10. Discuss the novel’s structure. In what ways do the alternating narratives between past and present enhance the story? How do the scenes in the past give you further insight into the characters and their actions, particularly Peter and Josie?

11. When Patrick arrives at Sterling High after the shooting, “his entire body began to shake, knowing that for so many students and parents and citizens today, he had once again been too late” (24). Why does Patrick blame himself for not preventing an incident he had no way of knowing was going to happen?

12. Dr. King, an expert witness for the defense, states that Peter was suffering from Post Traumatic Stress Disorder as a result of chronic victimization. “But a big part of it, too,” he adds, “is the society that created both Peter and those bullies” (409). What reasons does Dr. King give to support his assertion that society is partly to blame for Peter’s actions as well as those of the bullies? Do you agree with this? Why or why not?

13. Why does Josie choose to shoot Matt instead of shooting Peter? Why does Peter remain silent about Josie’s role in the shooting? In the end, has justice been satisfactorily dealt to Peter and to Josie?

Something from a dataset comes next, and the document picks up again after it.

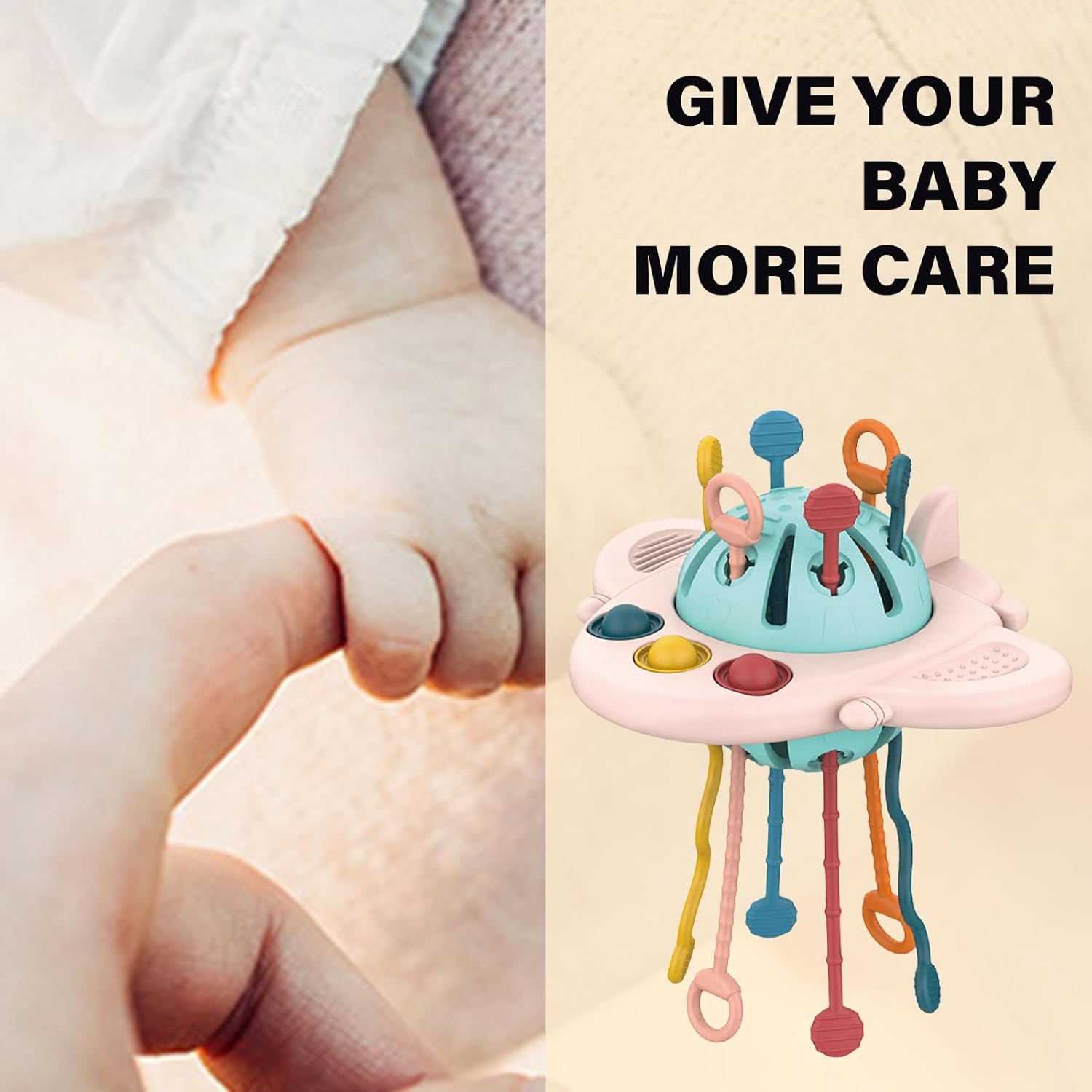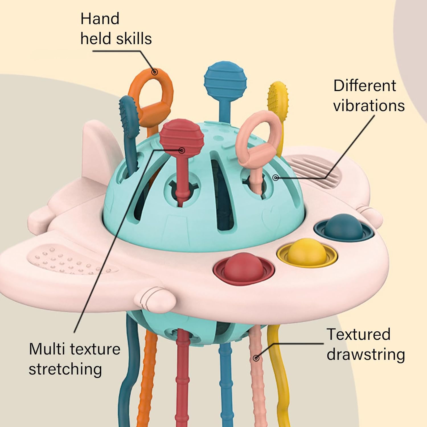 Giochi creativi: questo giocattolo consente ai bambini di giocare in modo creativo. Puoi tirare la corda e premere il pulsante per esplorare la trama e affrontare diverse situazioni Sviluppo sensoriale multifunzionale: offre diverse opportunità per lo sviluppo sensoriale e le capacità motorie dei bambini Colori vivaci, diverse texture e pulsanti interattivi, fori e corde stimolano la percezione visiva e uditiva dei bambini Plastica sicura: giocattolo per bambini di età superiore a 18 mesi Applica abilità motorie e coordinazione occhio-mano: ai giocattoli vengono date forme, dimensioni e anelli di presa diversi, che forniscono giochi diversi per le manine dei più piccoli. Tirando, spingendo, spingendo e afferrando, le capacità motorie e la coordinazione occhio-mano vengono abili e rafforzate

14. Discuss the very ending of the novel, which concludes on the one-year anniversary of the Sterling High shooting. Why do you suppose the author chose to leave readers with an image of Patrick and Alex, who is pregnant? In what way does the final image of the book predict the future?

15. Shootings have occurred at a number of high schools across the country over the last several years. Did Nineteen Minutes make you think about these incidents in a more immediate way than reading about them in the newspaper or seeing coverage on television? How so? In what ways did the novel impact your opinion of the parties generally involved in school shootings—perpetrators, victims, fellow students, teachers, parents, attorneys, and law enforcement officials?
What do you think the author is proposing as the root of the problem of school violence? What have you heard, in the media and in political forums, as solutions? Do you think they will work? Why or why not?